A Color Interface for Audio Clustering Visualization Silvia Zuffi, Isabella Gagliardi ITC, Consiglio Nazionale delle Ricerche, Milano, Italy Abstract The availability of large audio collections calls for ways to efficiently access and explore them by providing an effective overview of their contents at the interface level. In this paper we present an innovative strategy exploiting color to visualize the content of a database of audio records, part of a website dedicated to ethnographic information in a region of Italy.

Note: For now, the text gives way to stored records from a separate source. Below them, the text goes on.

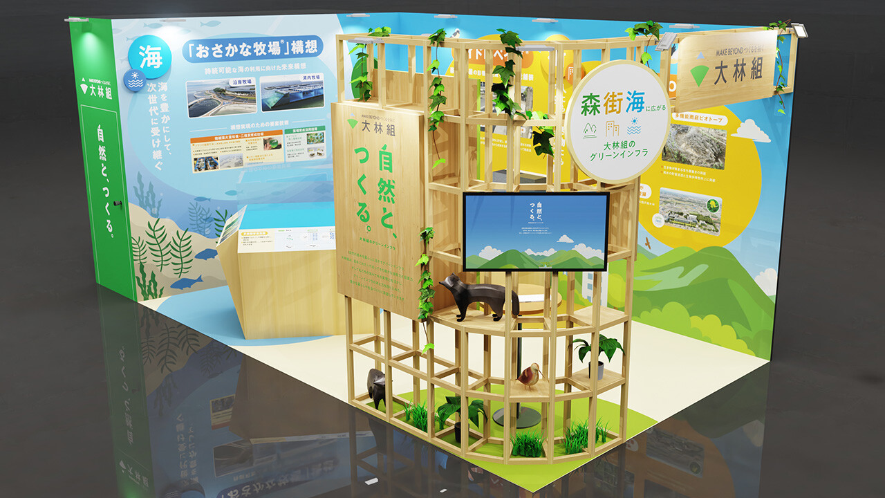 大林組は「自然と、つくる。」をテーマに掲げ、山里、都市、海辺のニーズに対応した幅広いグリーンインフラ技術を展開しています。今回の展示会では、令和7年度「気候変動アクション環境大臣表彰」大賞を受賞した多機能舗装「ハイドロペイブ®」、海を豊かにして次世代に受け継ぐ「おさかな牧場®」構想、雑木林のデジタルツイン技術などを展示します。皆様のご来場を心よりお待ちしております。
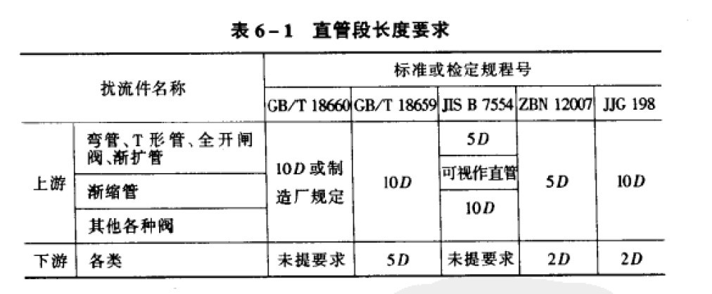各標(biāo)準(zhǔn)或檢定規(guī)程所提出的上下游直管長度亦不一致,忙總?cè)绫?-1。大部分均比通常儀表制造廠提出的要求高,這是為了保證達(dá)到0.5級精度等級儀表的要求
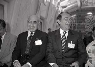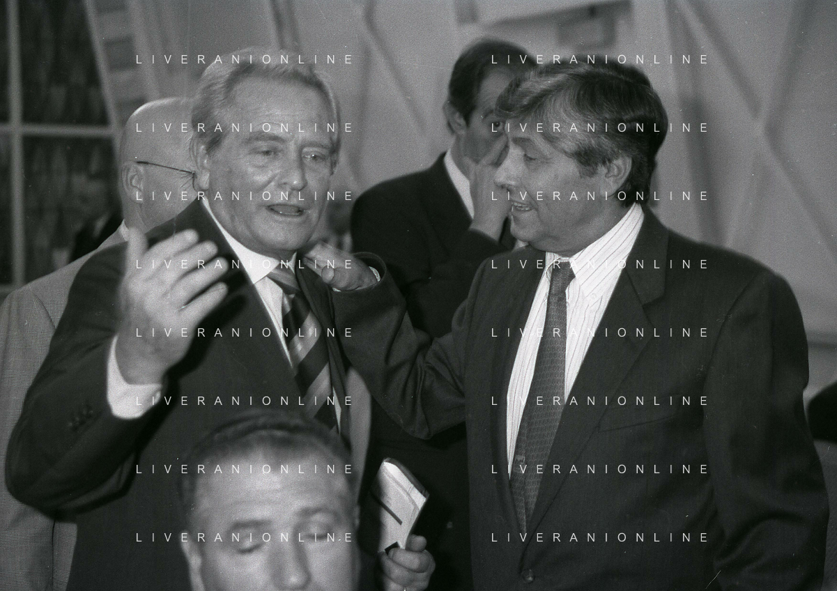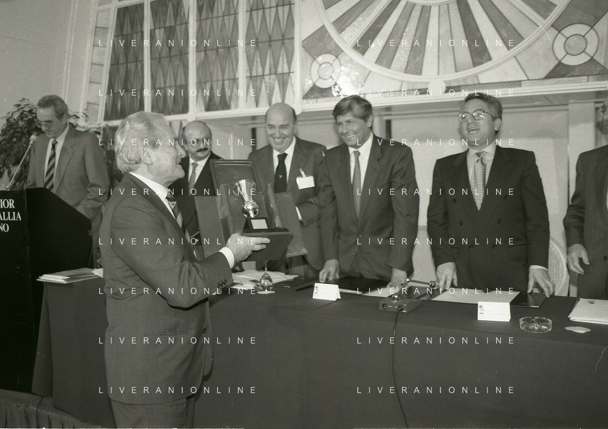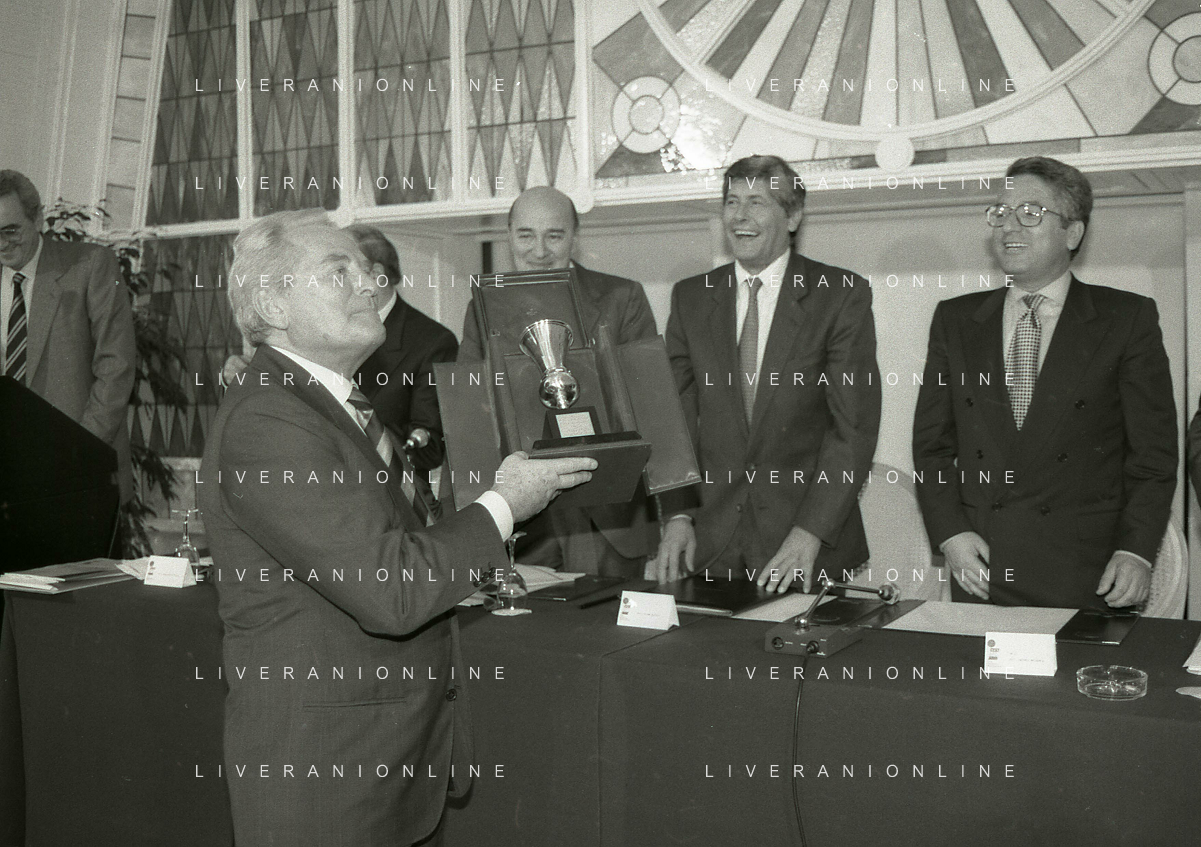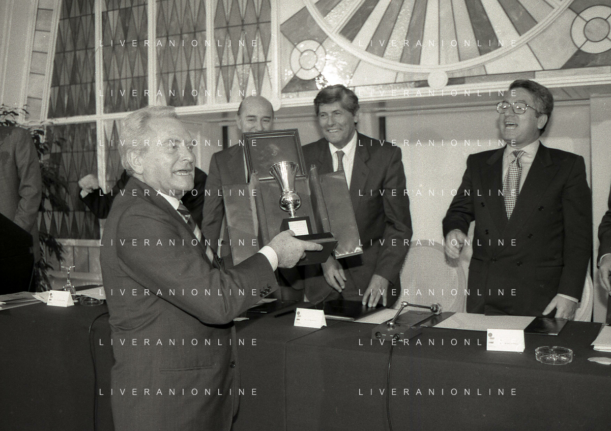1993 MILANO PREMIAZIONI DELLA LEGA CALCIO ALLE SOCIETA' DI CALCIO ALLA PRESENZA DEI PRESIDENTI HOTEL GALLIA NELLA FOTO GIAMPIERO BONIPERTI AG ALDO LIVERANI SAS

Recently, the problem of the visualization of audio contents has drawn much attention due to the increasing volume of the collections of music available on the Internet. The simplest way to display these contents is to present textual lists where each item on the list shows the attributes of the corresponding piece. However, visualizations based on textual lists are not enough to help users to efficiently explore music libraries. Different forms of alternative visualization schemes have been proposed, based on semantic attributes of pieces, or on audio information. An effective strategy for the design of interfaces accessing database contents exploits color attributes: the user is facilitated in the browsing of the database if interface colors are employed to represent some property of the audio contents. We present here an innovative strategy for the visualization of the contents of a database of audio records. The solution we propose is based on the establishment of a mapping between the acoustic features of audio clusters and colors. The database used in our implementation is that of the Archive of Ethnography and Social History of the Lombardy Region (AESS). The AESS was founded to preserve, study, and enhance the value of documents and images of the life, social transformations, literature, oral history, material culture, and anthropic landscapes of the Lombard territory. Its website, designed by ITC, an institute of the CNR of Milan, stores information concerning the oral history of the region, and is composed mainly of popular songs and other audio records describing the popular traditions (such as fairs, and customs) handed down from generation to generation. The AESS website implements, besides the standard functions of catalogue and search, various modalities of navigation and employ 1. These include, among others, the location and clustering of similar audios, that is the organization of the audio files stored in the database in groups containing files acoustically similar to each other.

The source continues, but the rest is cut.